WORCESTER, Mass. — They gave away lunch. They gave away grocery gift cards. They gave the experience of getting vaccinated on a train. But it turns out there’s another reason why some vaccine hold-outs finally rolled up their sleeves when the Vax Express pulled into Union Station Thursday.
“We’ve definitely seen lately that people have come in and told us that the variant had been one of the main reasons that they finally decided to get the vaccine,” said Samantha Joseph, the community outreach director for CIC Health, one of the groups partnering with the state to use commuter trains as rolling clinics.
The variant in question was recently renamed Delta but it’s closely associated in many minds with the soaring number of COVID-19 cases and deaths that hit India in recent months. Technically known as B.1.617.2, scientists are now studying Delta to see if it’s more transmissible, if it causes more severe disease and whether it can evade available vaccines.
On the issue of transmission, there seems to be growing support that, like the British variant before it – B.1.1.7, renamed by the World Health Organization as Alpha – Delta does seem to spread more quickly.

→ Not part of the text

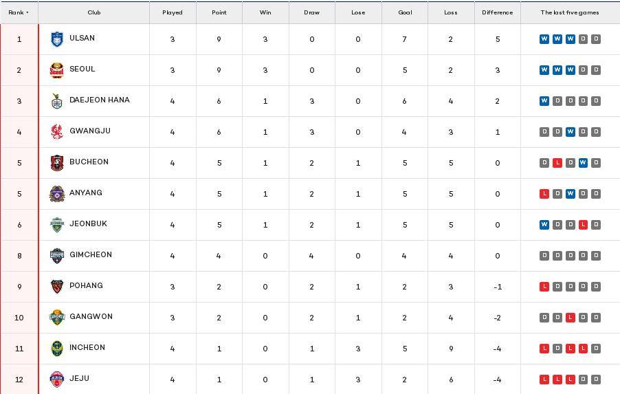 หลังจากรอบที่สี่ Ulsan และ Seoul อยู่ในอันดับที่หนึ่งในรายการ หลังจากที่แดจอนชนะ เขาอาศัยความได้เปรียบในการทำประตูเพื่อแซงกวางจูไปที่สาม โปฮัง กังหยวน อินชอน และเชจู อยู่ในอันดับสุดท้าย สุดสัปดาห์นี้ รอบที่ 5 ของ K1 League จะเริ่มแข่งขันกัน เมื่อทีมที่แข็งแกร่งเริ่มฟื้นความรู้สึกชนะ เกมจะน่าตื่นเต้นมากขึ้น
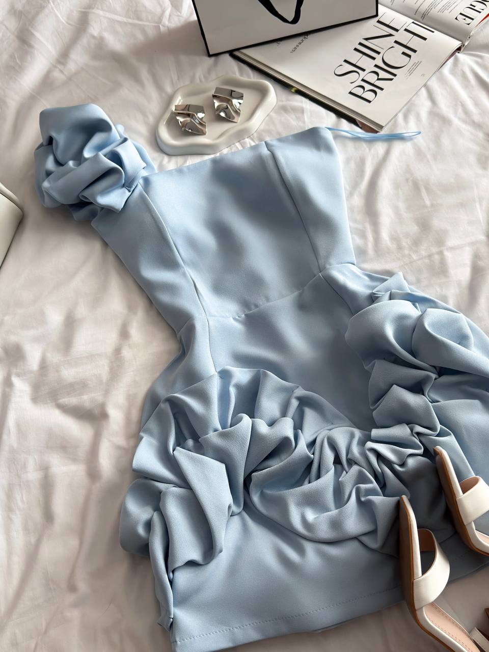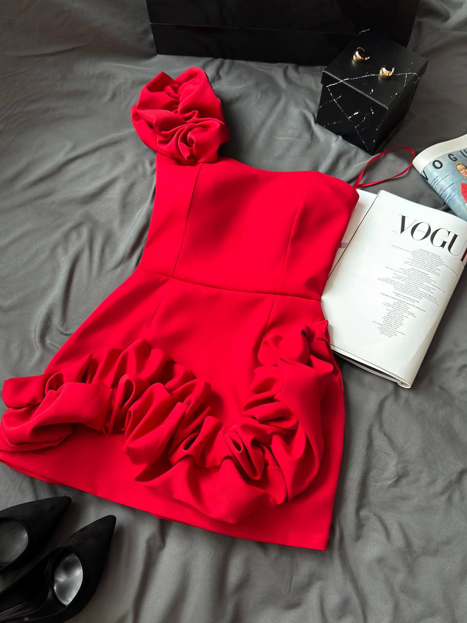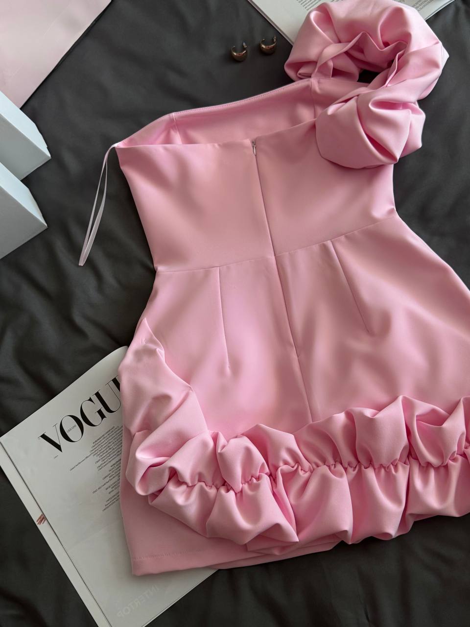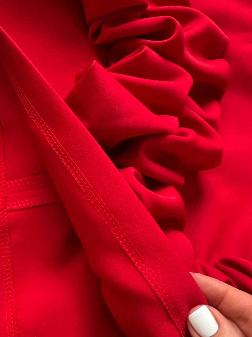 Ця сукня – просто ВАУ. Ліф ідеально сідає по фігурі, підкреслює силует, а волани додають динаміки та ніжності.

“There is definitely, from the epidemiology and the clinical studies, there is a smoking gun for sure,” said Dr. Pei-Yong Shi, a professor and researcher in biochemistry and molecular biology at the University of Texas Medical Branch in Galveston.
In Dr. Shi’s lab, they are trying to determine, using animal models, whether Delta exceeds Alpha in terms of transmission capabilities. But Dr. Shi also said the actual numbers on the ground are important to look at, too.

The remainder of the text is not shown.